There are many levels of "upgrade". To be "better than the junk it came with" there are at least two options with many shades of quality level.

1. One piece crank upgrade
There are different qualities of one piece cranks / bearings / cones / races. Murry, Huffy etc. come with the lowest quality.
Back when Schwinn bicycles were made in the U.S. Schwinn bicycles with one piece cranks came with good quality crank parts. "New Old Stock" (NOS) Schwinn bearings, races, cones, and crank would be an upgrade to the parts you removed and they will fit your bike. Other sources for quality one piece crank parts would be made by Tioga, Tange or some other name brand maker.
As with anything there are advantages and disadvantages to a one piece crank. They are easy to maintain, they are very strong - they are also very heavy. This would be the least expensive upgrade.

Sheldon Brown has a nice over view of one piece crank types and interchangeability.

2. Three piece crank
The video Argenti has posted demonstrates how to replace a one piece crank with a very nice three piece crank and sealed bearing setup. There are a variety of solutions offered by different companies to accomplish this with a wide range of quality and prices. They will reduce weight but I would argue that a good three piece crank is no stronger than a good forged chromoly one piece crank.

As you convert your Murry into an e-bike remember that the quality of crank parts you removed are relatively equal to the quality of parts on the rest of the bike - including the frame.
Murry designed the bike to be affordable and to do that they compromised on the durability of the entire bike, not just the crank parts.
Adding an electric motor to a bicycle introduces forces the bicycle was not designed for. Using a low quality bicycle as the basis for an e-bike is especially problematic and could be dangerous.

  • Thank you. I am looking for an alternative bike, but from what I've read it's not a bad idea to use a bike like this for conversion. The heavy steel frame can take the torque. Everything is being replaced with better quality components. – user10407599 Jan 13 at 15:37

As others have pointed out, you can get an adapter bottom bracket and then use whatever crank you want. There are some bikes in the world this can make sense for, namely those with good production values that happen to use one-piece cranks, which are uncommon by numbers but do exist.

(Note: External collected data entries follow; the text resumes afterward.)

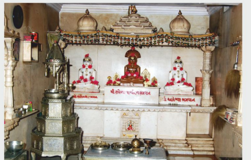
Jain temple Andheri (East)
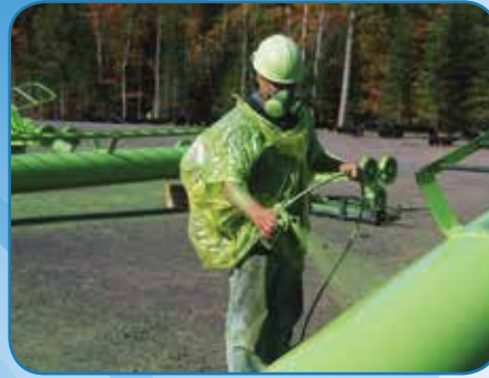
Custom color on metal pipeline airless
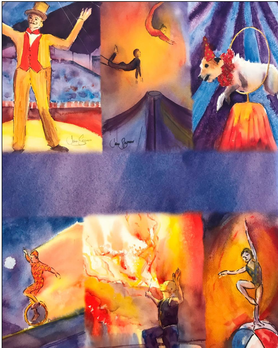
The Circus Suite

Ms. Seymour was selected as the official artist for the Naples (FL) Winter Wine Festival , the year following famed American painter Robert Rauschenberg. She was asked to create a series of paintings to be used as illustrations for the elaborate auction catalogue being produced for the world class charity's Fine Wine and Gourmet Chef event, benefiting the Naples Children and Education Foundation . The annual luncheon raises a staggering amount of money each year to help the disadvantaged children of Florida.
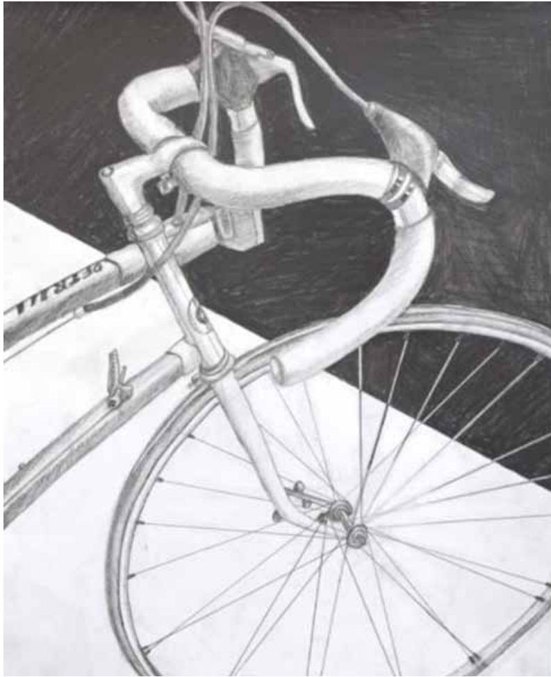
"Observation Bike Study" by Miao Liu, The Tatnall School, Grade 12

In the more common situation of a department store bike that someone is riding, for better or worse, and something functional is needed for minimum price, the good solution is to get any chromoly 1-piece crank (approximately $25US today) and one of the fancier one-piece-crank bottom brackets, such as the Odyssey Dynatron at $15US, which are essentially designed for situations like this, i.e. good quality and actual sealing but still a drop-in dimensionally compatible replacement for any one piece crank bike. The package is still cheap but will be able to stand up to hard use and heavy mileage.

  • Thanks. I like your idea of a chrome moly one piece. Sounds like an inexpensive but good option. – user10407599 Jan 13 at 15:40

You have a frame designed for what's called an 'Ashtabula' crank. Details can be found here https://www.sheldonbrown.com/opc.html.

Apparently Ashtabula frame to English/ISO threaded bottom bracket cups are available.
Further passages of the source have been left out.